Do I understand it correctly: noise is fixed for a train batch pass and get resampled with every step when collecting experience?
As a quick fix, to disable noisy_net layer one can pass policy kwarg explicitly, mind tuning entropy regularisation:
from btgym.algorithms.nn.layers import linear
# Policy architecture setup:
policy_config = dict(
class_ref=GuidedPolicy_0_0,
kwargs={
'lstm_layers': (256, 256),
'state_encoder_class_ref': conv_1d_casual_encoder,
'dropout_keep_prob': 0.5,
'linear_layer_ref': linear, <------
}
)
# Algorithm config:
trainer_config = dict(
...,
kwargs=dict(
...,
model_beta=0.05, <------
...,
)
)
Do I understand it correctly: noise is fixed for a train batch pass and get resampled with every step when collecting experience?
My understanding is that the algorithm in the paper for NoisyNet-DQN(appendix C.1), noise is sampled on every environment step. While for NoisyNet-A3C(appendix C.2), noise is sampled on every rollout batch, so in this implementation, maybe we should use a placeholder for the noise, and sample outside of the network?

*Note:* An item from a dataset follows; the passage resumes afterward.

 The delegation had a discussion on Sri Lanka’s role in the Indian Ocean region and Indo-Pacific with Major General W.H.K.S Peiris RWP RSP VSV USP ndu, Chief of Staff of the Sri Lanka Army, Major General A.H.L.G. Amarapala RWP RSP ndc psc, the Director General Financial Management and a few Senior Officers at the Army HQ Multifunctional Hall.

noise is sampled on every rollout
yes, but isn't that solely in context of gradient estimation (train pass)?
maybe we should use a placeholder for the noise, and sample outside of the network?

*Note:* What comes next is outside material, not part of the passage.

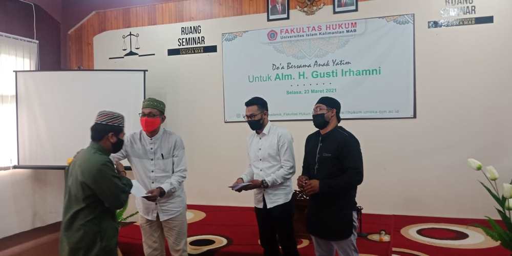 Banjarmasin, BARITO – Doa bersama Anak Yatim untuk almarhum Ketua Yayasan Uniska MAB Dr Ir H Gusti Irhamni digelar Fakultas Hukum Universitas Islam Kalimantan (Uniska) Muhammad Arsyad Al Banjari (MAB), Selasa (23/3/2021).

yes, if wee need to fix noise at time of data acquisition (see above), no if noise to be fixed for train batch only (can infer size and sample in-graph)
yes, if wee need to fix noise at time of data acquisition (see above), no if noise to be fixed for train batch only (can infer size and sample in-graph)
I think the noise should be fixed when collecting experience as well, since A3C is an on policy algorithm. And this seems agreeing to the pseduo code (line 7) in the paper
Yes, indeed.
As pseudocode shows it is the same noise for collecting and for training (of same rollout);
that mens it sure be placeholder input; but is also essential to keep noise as part of experience;
currently all rollout information packing/unpacking is handled by btgym.algorithm.rollout.Rollout
class which is essentially a nested dictionary of lists; maybe it can be optimal to extend it with new key holding one noise tensor per rollout; noise emitting method could be one of a policy instance (knows required shape an properties) or even .get_initial_features() with dummy output when no noisy-net layers present
Due to time limitations expected time to fix the issue is four to five days. Until that It is best to use a linear layer (mentioned above). If anyone wants to contribute - it is is highly appreciated.
btgym.algorithms.rollout.Rollout:
btgym.algorithms.policy.base.BaseAacPolicy:
btgym.algorithms.runner: add above field processing to runners via policy callback functions, separate: policy step callbacks and rollout callbacks
btgym.algorithms.aac.BaseAac:
hi @Kismuz I was reading the paper "Noisy Network for exploration". And have a question w.r.t its usage in btgym. The paper says that "As A3C is an on-policy algorithm the gradients are unbiased when noise of the network is consistent for the whole roll-out. Consistency among action value functions is ensured by letting the noise be the same throughout each rollout"
It looks to me that in current implementation in btgym, it can't ensure "the noise is the same throughout each rollout", because the training steps and environment steps are executed in different threads, and could be interleaved. Or do I miss anythong? Thanks!